I have two TMC Expert sets - one of which I got new for £50 and the other used but off ebay for £10 - with the bottle still at least half full.

Anyway having set them both up on each of my nano's (Its my first couple of weeks using Co2) I seem to be having problems with both glass Non return valves on each tank!? 

Surely the point of these is to stop water going back down the tube towards the tank? My first one did this and each morning I would have to turn up the Co2 to push the water back down the tubing. Now with my second hand one its the same!? I've seen from an earlier post in 2008 that this is a common problem?

So are there some better ones on the market now? What return valves would anyone recommend? They would need to  be small and reasonably priced!

Thanks in advance!

phil


----------



## Tom (3 Jul 2011)

I have had this problem with every valve I've ever used. I now just have a drip loop in my tubing in the hope that it doesn't go right to the reg :/


----------



## howanic (4 Jul 2011)

yep have a different brand and the non return has failed on both sets. The first unfortunately damaged my reg but I changed the second one as soon as I noticed it had failed. Ok at the moment but still leaks a little.


----------



## Eboeagles (4 Jul 2011)

It seems to be a particular problem on the tank where I have a solenoid - came home from work today and the bottle's almost empty, yet no bubbles!? 

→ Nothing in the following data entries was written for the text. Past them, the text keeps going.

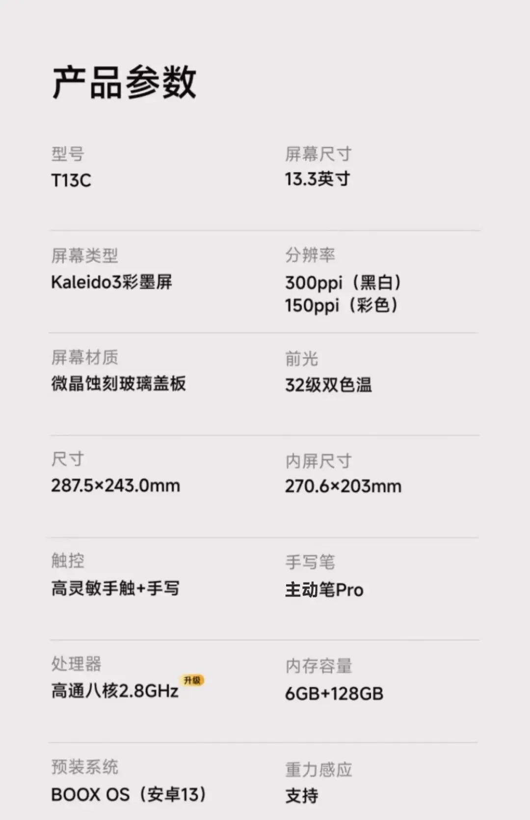 文石BOOX T13C电子书阅读器 13.3英寸彩色墨水屏 AI快刷轻薄办公平板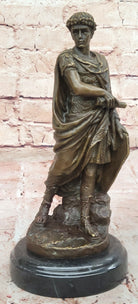 Roman Caesar Emperor in Wreath & Tunic - Bronze Sculpture Statue on Marble Base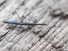 It is diurnal[8] and eats other insects, including Chironomidae (non-biting midges).[3] The female lays her eggs in May or June; they develop into nymphs and then become adults by July.[3] The name "water measurer" refers to the insects' habit of walking on the surface of ditches and ponds, apparently pacing the distances between points. Hydrophobic hairs on its legs allow it to walk on the surface of the water.[9]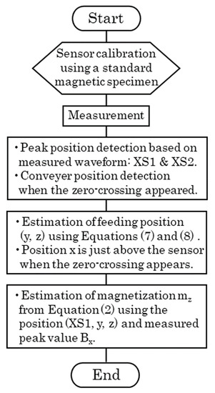Position detection using a magnetic field was reported using a combination of excitation coil and sensing marker coils or a magnet and 3-dimensional magnetic sensors. The excitation coil or magnet generates a magnetic field in the measurement area, and the sensing apparatus detects the 3-dimensional field and estimates the position of the marker or magnet [13,14]. They use a convergence calculation using an iteration method. Position detection suitable for a manufacturing system using a feeding conveyer has not been studied yet. In this study, a method of estimating position and size of a magnetic contaminant, suitable for the structure of our previously reported system, is proposed and experimentally verified.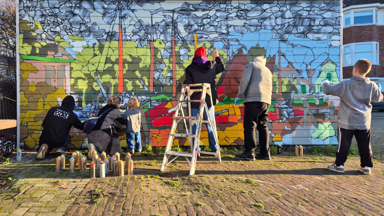 Onder een stralend zonnetje namen jong en oud de spuitbussen ter hand en ontstond langzaam het schilderij, tot tevredenheid van wijkmanager Ying Ho. Hij hoopt dat de verfactie eraan bijdraagt dat de kiosk wat meer gaat leven bij de buurtbewoners. En als straks ook de graffiti aan de zijkant van het gebouwtje weg is, komt de wens van Zaanstad om van de Burchtkiosk het kloppend hart van de buurt te maken weer een stukje dichterbij.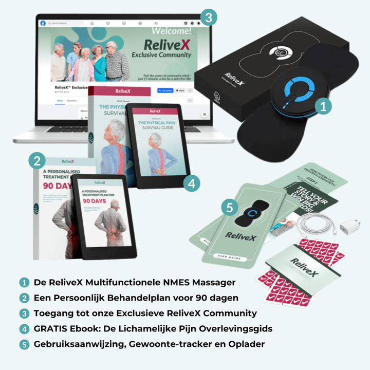 Directe verlichting bij (chronische) rugpijn, hernia, zenuwpijn of stijve schouders – zonder medicijnen of fysio. De ReliveX Massager ontspant je spieren diep met NMES-technologie – gewoon thuis, in 15 minuten per dag.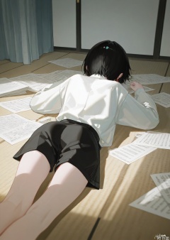 solo, short hair, shirt, black hair, long sleeves, 1boy, white shirt, male focus, lying, shorts, indoors, from behind, black shorts, on stomach, paper, facing away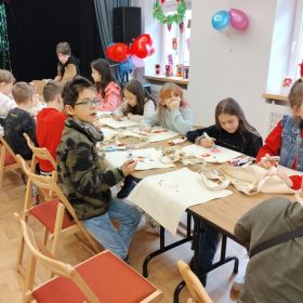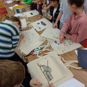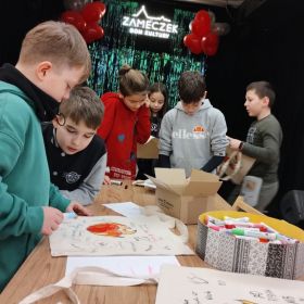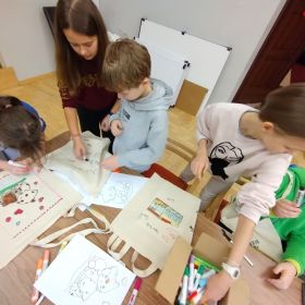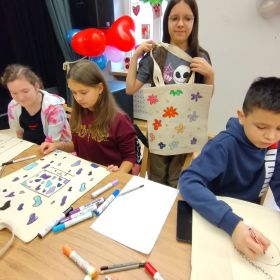 Uczniowie klas czwartych wybrali się w środę 7 lutego na warsztaty plastyczne do Domu Kultury Zameczek. Zadanie polegało na ozdobieniu toreb przy pomocy specjalnych pisaków do tkanin. Można to było zrobić według własnego projektu lub korzystając z przygotowanych szablonów. Wszyscy mocno zaangażowali się w pracę, w wyniku czego powstały prawdziwe dzieła sztuki. Z pewnością o wiele lepiej wybrać się na zakupy z taką torbą niż z foliową reklamówką. Będzie to też z pewnością wspaniała pamiątka. Tak ciekawe i angażujące zajęcia bardzo się wszystkim spodobały.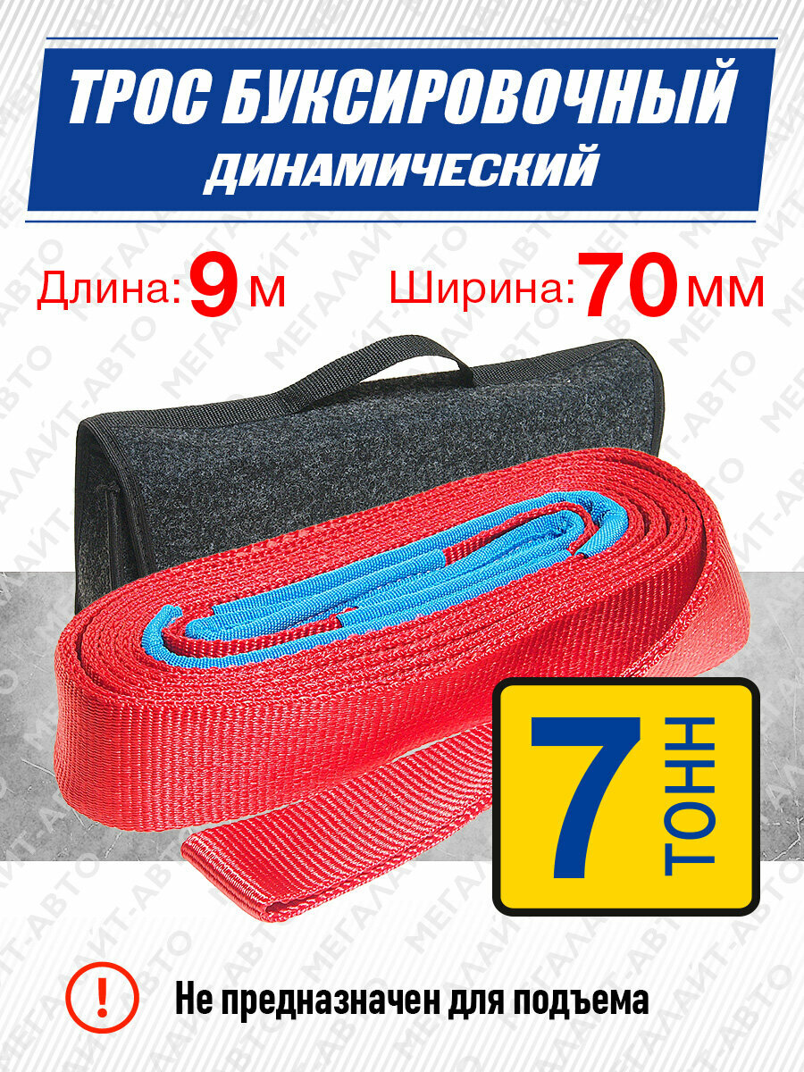 Трос буксировочный MEGAPOWER M-75079 динамический 7т 9м ленточный без крюков в сумке информация:

I think it either dumped a load in the tank at some point or forced itself out via a leak, luckily I still have no fauna in the tank - thats two of these 95g bottles done in three days on that tank due to this problem!! Lucky I bought two at the ADC get together on the TMC 20% discount!! 

So the result - solenoid out and back to the manual on and off, it's not ideal and it means changing all my timings (again) but until I'm happy enough and experienced using Co2 thats the way it will be and then I'll splash out on a better Co2 set up.

Drip loop also in - thanks!

Is it worth me buying a better non return valve or stick to what I have until / or when I update the hardware?


----------



## Dan Crawford (5 Jul 2011)

I'd get rid of the non-return valve and buy a steel one from Aqua Essentials or similar, they are really good.
http://www.aquaessentials.co.uk/ae-desi ... -1607.html


----------



## Eboeagles (5 Jul 2011)

Ah ok will try one out - aquaessentials are out of stock though... will have a look around.

thanks!


----------



## Eboeagles (5 Jul 2011)

how about these:

http://cgi.ebay.co.uk/CHECK-VALVE-STAIN ... 0707701544

they look similar! worth a punt I reckon...


----------



## Kazuya (6 Jul 2011)

I've heard a lot of people using either these http://cgi.ebay.com/Rhinox-Brass-Check- ... 3cb3023816

or the plastic one from ADA.


----------